Possible "hide info" switches

That way, someone looking to use command line on jvmtop could pick and chose what info gets generated and how. And then easily use awk/grep/ etc to parse the output.

Just some thoughts. I am improving as I have more chance to think them through a bit better. Please do ask more questions :)

patric-r commented 8 years ago

Hi, the absence of the top 10 threads information when using --once is a known limitation which will be addressed in a future release. Please use issue #58 for tracking that one.

Your suggestion for a machine readable format corresponds somehow to the "c)" section in my previous comment. I am asking myself which format (CSV?) should be used for such a mode - what do you think?

I'll think about the additional --hide-xyz switches - thanks for clarifying this.
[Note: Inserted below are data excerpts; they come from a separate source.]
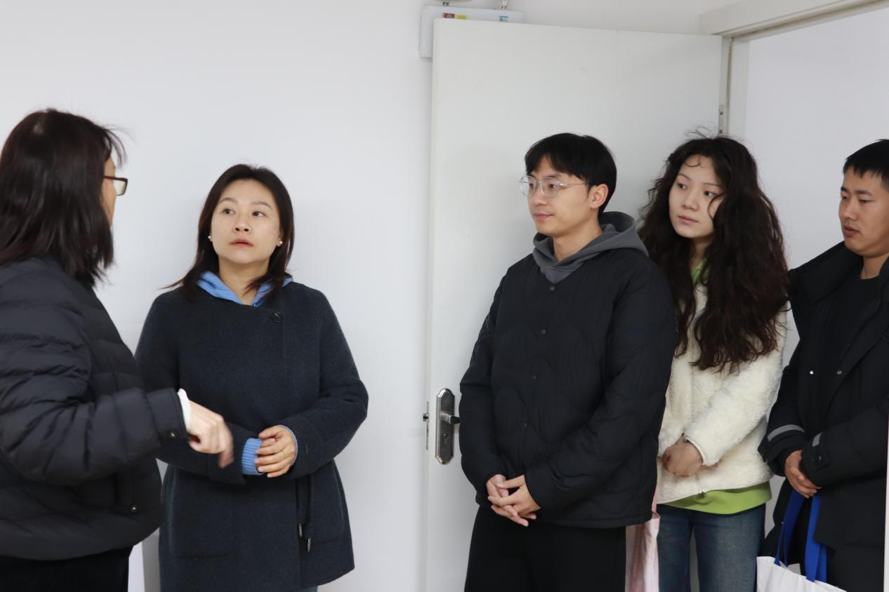 活动伊始,学院党委副书记王娇、研究生辅导员单帅老师一行首先走访了汉阳区五合里社区党员群众服务中心。该中心坚持党建引领,聚焦党员教育管理、群众需求响应和社区资源整合,围绕新就业群体关爱、志愿服务组织培育等基层治理重点,探索形成“党建+服务+志愿”的特色工作模式,切实将治理效能转化为群众获得感。在社区工作人员的详细介绍下,学院领导深入了解了中心的运营机制、服务流程以及在基层志愿服务体系建设与社区治理创新方面的实践经验,对汉阳区以社区为载体推动志愿服务常态化、专业化的实践路径有了直观而深入的认识。
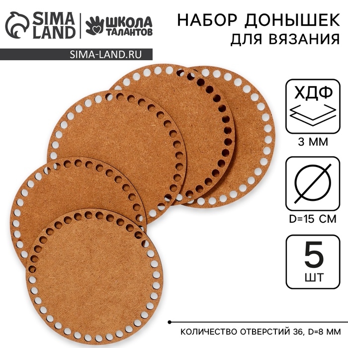 Набор донышек для вязания, круг 15 см, 5 шт, хдф 3 мм
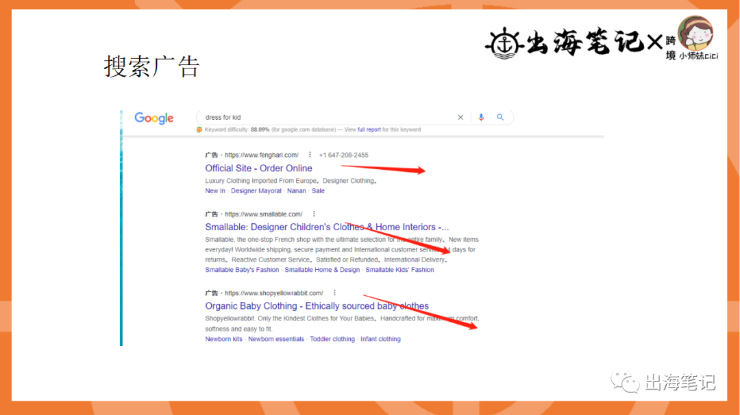 例如dress for kid这个儿童裙子,那我们首先会看到在网页的顶部就会有写着广告,这些其实就是搜索广告。

This should be quite easy to implement.

BTW, just to gain some insights into the real-life usage scenarios of jvmtop ;) How do you actually use jvmtop's output after you parsed its output? Do you use any further tool chains like nagios?
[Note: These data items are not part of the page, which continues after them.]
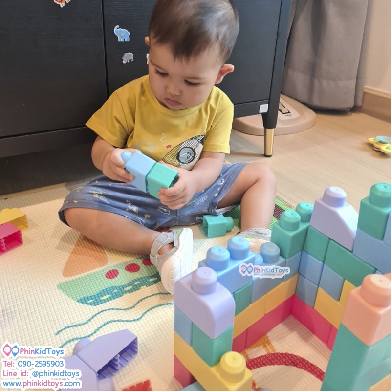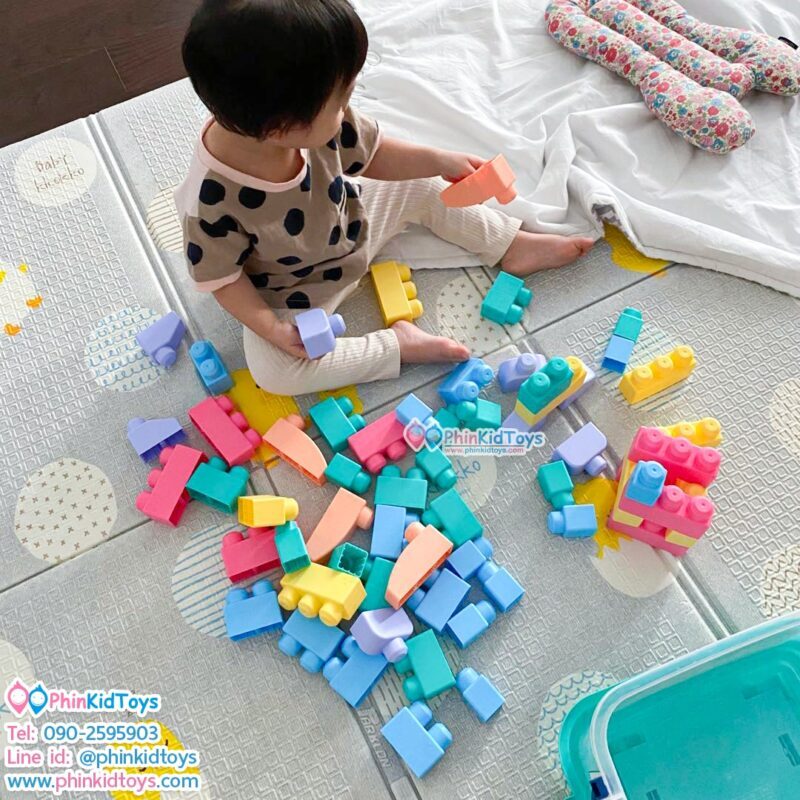 บล็อกนิ่ม บล็อกซิลิโคน รุ่น A โทนสีพาสเทล 54 ชิ้น กล่องล้อลาก สีชมพู
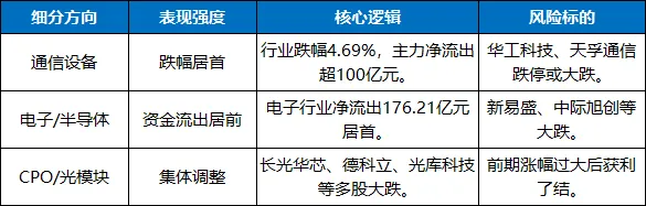 2.科技板块获利了结压力集中释放:通信、电子、半导体等方向连续上涨后积累了大量获利盘,在市场情绪转弱时遭遇集中兑现。华工科技、天孚通信等AI算力龙头遭抛售超20亿元,显示资金出逃意愿坚决。
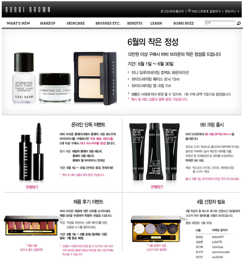 바비브라운 공식 온라인 쇼핑몰에서는 이번 6월 색다른 이벤트들도 준비하여 여성 고객들의 눈길을 끈다.

mskadu commented 8 years ago

Re. which format - I would go with CSV for now. It's the simplest and can easily be converted to others downstream by command line utilities. Vagrant also appears to be doing a wait-and-watch, until which they've gone with CSV (see: https://docs.vagrantup.com/v2/cli/machine-readable.html)

Re. --hide-xyz - thanks, that would be very handy.

Re. usage scenario - in my case I am using jmvtop as a light-weight profiler of heap/non-heap and some CPU stats of processes within a JVM. My company has a Java based product that consumes considerable memory and CPU. I was looking for a simple profiler that does not require me to change any JAVA_OPT variables or make changes to my PROD code.

My script is basically a simple UNIX script running in cron and captures the relevant figures and writes them to a file. The data in this "capture" file can then be used for whatever purposes. This is just the first usage - the more info JVMtop can produce, the more useful my script can make of it.

On that topic, how possible is it to add memory related columns to the top-10 field list?

mskadu commented 8 years ago

Hello again - any luck with this?

mskadu commented 7 years ago

Closing this as I have not had a response to this in nearly a year now.